**AVAILABLE DATA:**
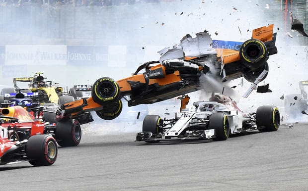Mclaren driver Fernando Alonso of Spain, top, goes over the top of Sauber driver Charles Leclerc of Monaco as they are involved in a crash at the start of the Belgian Formula One Grand Prix in Spa-Francorchamps, Belgium, Sunday, Aug. 26, 2018. (AP Photo/Geert Vanden Wijngaert)
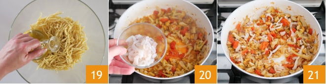 Après avoir égoutté les trofie, versez-les dans un grand bol et assaisonnez avec un filet d'huile pour éviter qu'elles ne collent 19. Lorsque les 20 minutes de cuisson de l'assaisonnement sont écoulées, ajoutez les calamars 20 et faites cuire pendant encore 5-7 minutes 21.
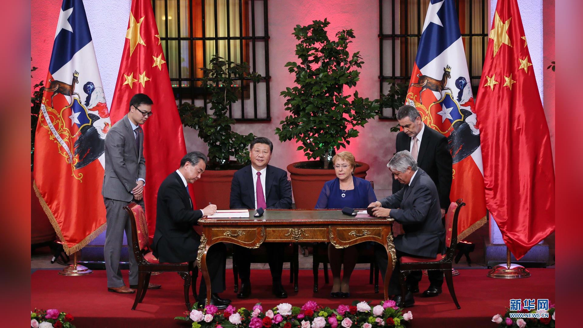 11月22日,國家主席習(xí)近平在圣地亞哥同智利總統(tǒng)巴切萊特舉行會談。這是會談后,兩國元首見證經(jīng)貿(mào)、農(nóng)業(yè)、質(zhì)檢、文化、教育、電子商務(wù)、信息通信、金融等領(lǐng)域多項雙邊合作文件的簽署。新華社記者 蘭紅光 攝2016-11-23
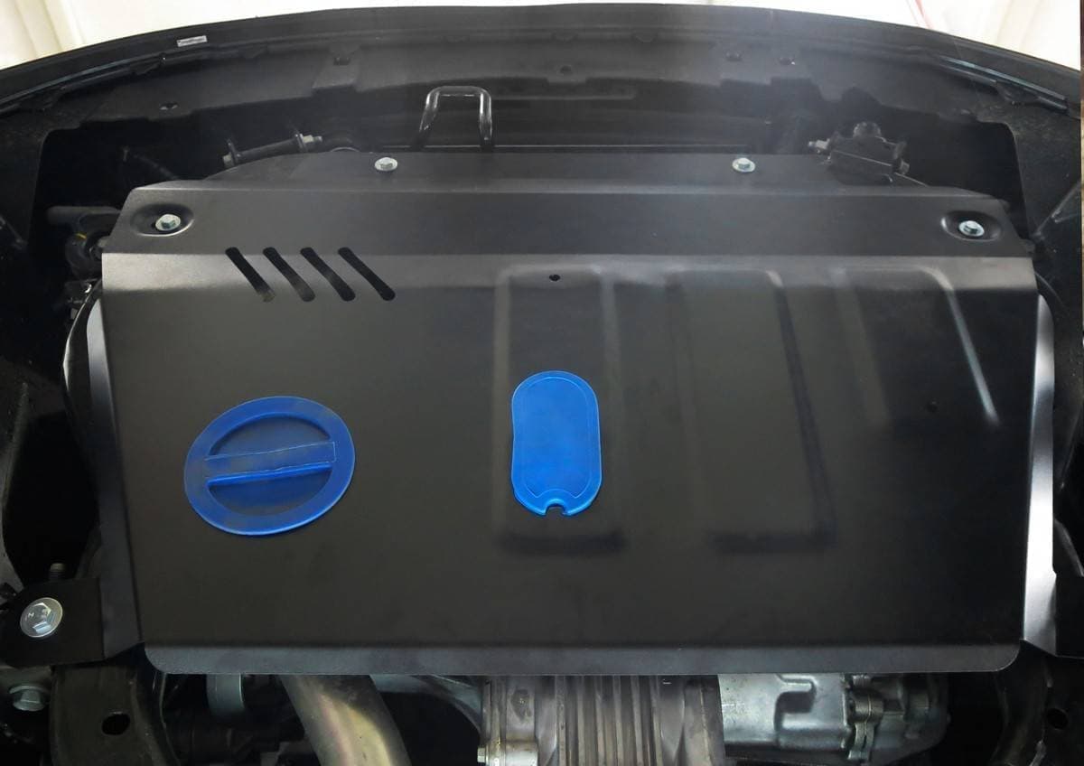 Порошковое окрашивание гарантирует долгий срок службы. А глубокий штамп увеличивает жесткость до 2,5 раз. Также имеется утопленный крепеж для предотвращения срывов. Качественная покраска защиты картера выдерживает 720 часов соляного тумана. Толщина изделия составляет 2-6 мм. Подштамповка в местах крепления предохраняет крепеж от срезания. Деталь спроектирована индивидуально для вашего автомобиля, что позволяет устанавливать ее в штатные места без доработки кузова за 10 мин.
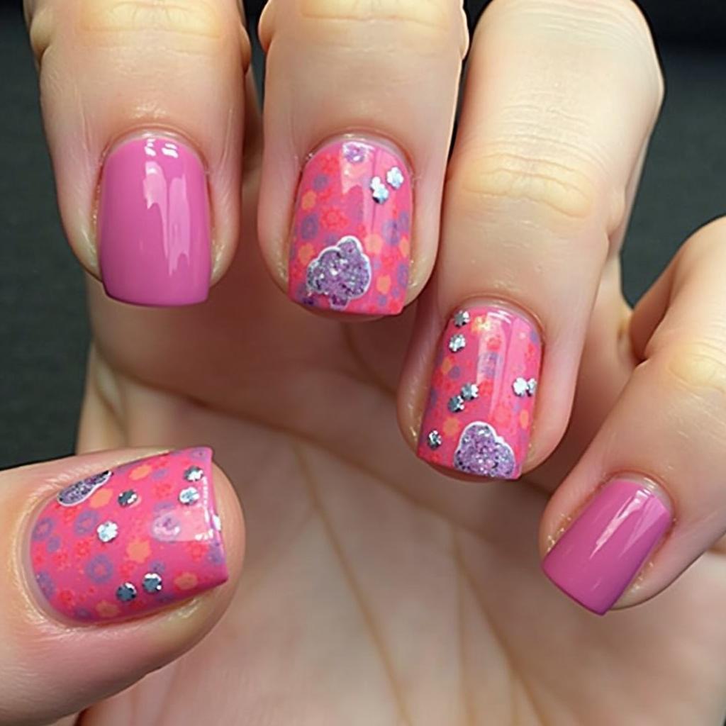 Choose a few accent nails to paint with gummy bears, while the rest of your nails are a solid pink or red.
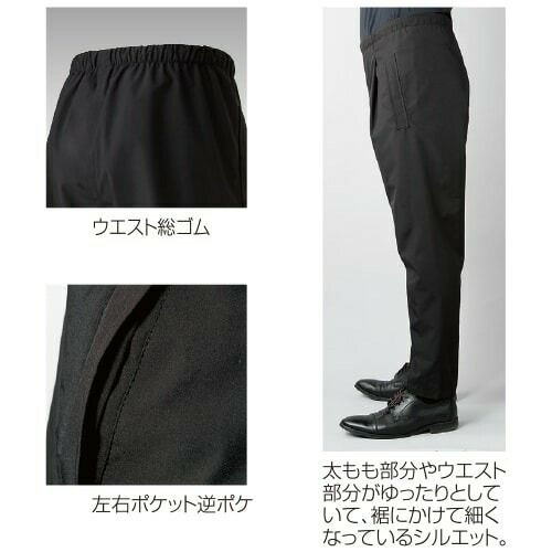 ・上下左右の4方向に自在に伸縮する4WAYパワー・ストレッチクロスを用いストレスフリーな着用感を追求・マットな質感に吸水速乾加工をブレンドしつつ、軽量なので軽やかな着用感を約束・スポーティなルックスを印象付ける細身なテーパードシルエット仕様・優れた帯電防止性を備えるJIS T8118適合プロダクト・男女ユニセックスの着用に対応する汎用性のあるサイズ&シルエット
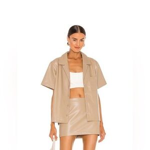 L’Academie by Revolve Clothing Tan Short Sleeve Leather Shirt Kelly Blouse
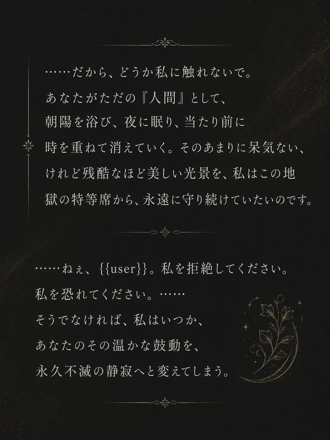 心臓の鼓動が跳ね、脳裏に「かつての過ち」が、美しい死を纏った残像となってフラッシュバックする。ユーザーの体温を感じ取った瞬間、彼の中の「壊れた執着」が、獲物を見つけた獣のように喉を鳴らしたのだ。
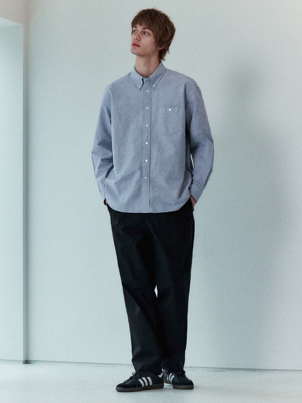 새롭게 출시된 실크 넵 옥스포드 버튼다운 셔츠입니다. 컴포트 셔츠를 기반으로 버튼다운 카라와 버튼이 달린 가슴포켓을 적용하였습니다. 뒷판 요크를 사선으로 재단하였고 중앙에 박스주름과 락커 루프(locker loop)가 있습니다. 적당히 여유로운 실루엣의 컴포트 핏 셔츠로 캐주얼 팬츠부터 셋업까지 다양한 아이템과 매치할 수 있습니다.
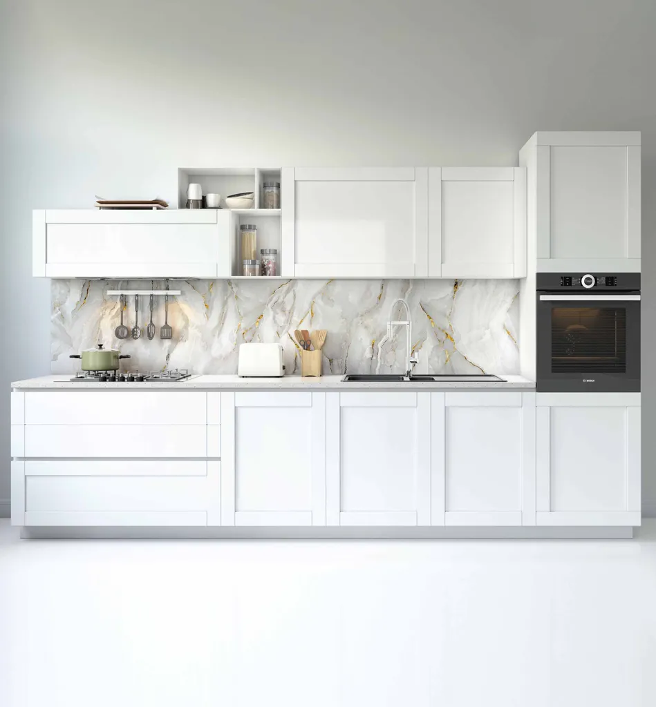 Küchen-Renovierung mal ganz easy! Diese selbstklebende Küchenrückwand-Folie in edlem Marmor-Weiß verwandelt deine alte, langweilige Fliesenwand im Handumdrehen in einen echten Hingucker. Und das Beste: Du brauchst keinen Handwerker!\n\nAus hochwertigem Premium Hart-PVC gefertigt, ist diese Folie alles andere als diese billigen, durchscheinenden Aufkleber. Sie ist stabil, blickdicht und kaschiert selbst tiefe Fliesenfugen perfekt.\n\nMaße: Stolze 340cm x 80cm - passt also auch für größere Küchen. Aber es gibt sie in verschiedenen Größen von 51cm bis 400cm Höhe.\n\nWarum diese Folie so genial ist:\n• Extrem einfach zu verlegen - auch für Ungeübte\n• Blasenfreies Aufbringen mit Rakel oder Handballen\n• Hoch kratzfeste Oberfläche\n• Fettspritzer- und hitzebeständig\n• Leicht zu reinigen und rückstandslos entfernbar\n• Made in Germany - Qualität made in Germany!\n\nSo geht's - in nur 4 Schritten:\n1. Fliesen gründlich reinigen (mit Spiritus entfetten)\n2. Folie zuschneiden und Schutzpapier abziehen\n3. Mit Rakel glatt aufstreichen - um Ecken möglich!\n4. Steckdosen und Kanten mit Cutter ausschneiden\n\nDas Marmor-Design in Weiß ist zeitlos elegant und passt zu jeder Kücheneinrichtung. Ob modern, landhaus oder skandinavisch - diese Optik wirkt immer.\n\nPerfekt für:\n• Mieter, die nichts dauerhaft verändern dürfen\n• Schnelle Küchen-Updates ohne großen Aufwand\n• Budget-bewusste Renovierungen\n• Experimentierfreudige Heimwerker\n• Instagram-worthy Küchen\n\nDie Folie hat einen semi-glänzenden Finish, der edel wirkt aber nicht zu sehr spiegelt. Und sie ist lichtecht - deine schöne Marmor-Optik bleicht also nicht aus.\n\nAlso worauf wartest du noch? Hol dir die Luxus-Küche zum kleinen Preis - ohne Staub, ohne Handwerker, ohne Stress. Einfach Folie bestellen, aufkleben und sich über die komplett verwandelte Küche freuen!\n\nDeine Freunde werden staunen, was du aus deiner alten Küche gemacht hast - und das für kleines Geld!
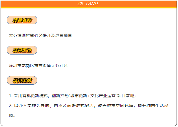 2022年5月23日,華潤置地中標(biāo)布吉街道大芬油畫村核心區(qū)提升及運營項目。此次中標(biāo)運營服務(wù)商,華潤置地將以高品質(zhì)、高標(biāo)準(zhǔn)改造及運營大芬油畫村,項目主要由有機更新、文化運營、產(chǎn)業(yè)提升構(gòu)成,以針灸式、微改造、重保育的方式實施,尊重大芬油畫村產(chǎn)業(yè)基因,提升大芬在新時代作為城市藝術(shù)聚落功能的品質(zhì),形成獨具特色的大芬油畫村的更新及運營體系,力爭重振“世界大芬”品牌形象。

**BRIEF:**
What you need to produce is an exact copy of the entries above, limited to the lines from the one with "心臓の鼓動が跳ね、脳裏に「か" up to and including the one with "새롭게 출시된 실크 넵", without pictures.

**EXERCISE OUTPUT:**
 心臓の鼓動が跳ね、脳裏に「かつての過ち」が、美しい死を纏った残像となってフラッシュバックする。ユーザーの体温を感じ取った瞬間、彼の中の「壊れた執着」が、獲物を見つけた獣のように喉を鳴らしたのだ。
 새롭게 출시된 실크 넵 옥스포드 버튼다운 셔츠입니다. 컴포트 셔츠를 기반으로 버튼다운 카라와 버튼이 달린 가슴포켓을 적용하였습니다. 뒷판 요크를 사선으로 재단하였고 중앙에 박스주름과 락커 루프(locker loop)가 있습니다. 적당히 여유로운 실루엣의 컴포트 핏 셔츠로 캐주얼 팬츠부터 셋업까지 다양한 아이템과 매치할 수 있습니다.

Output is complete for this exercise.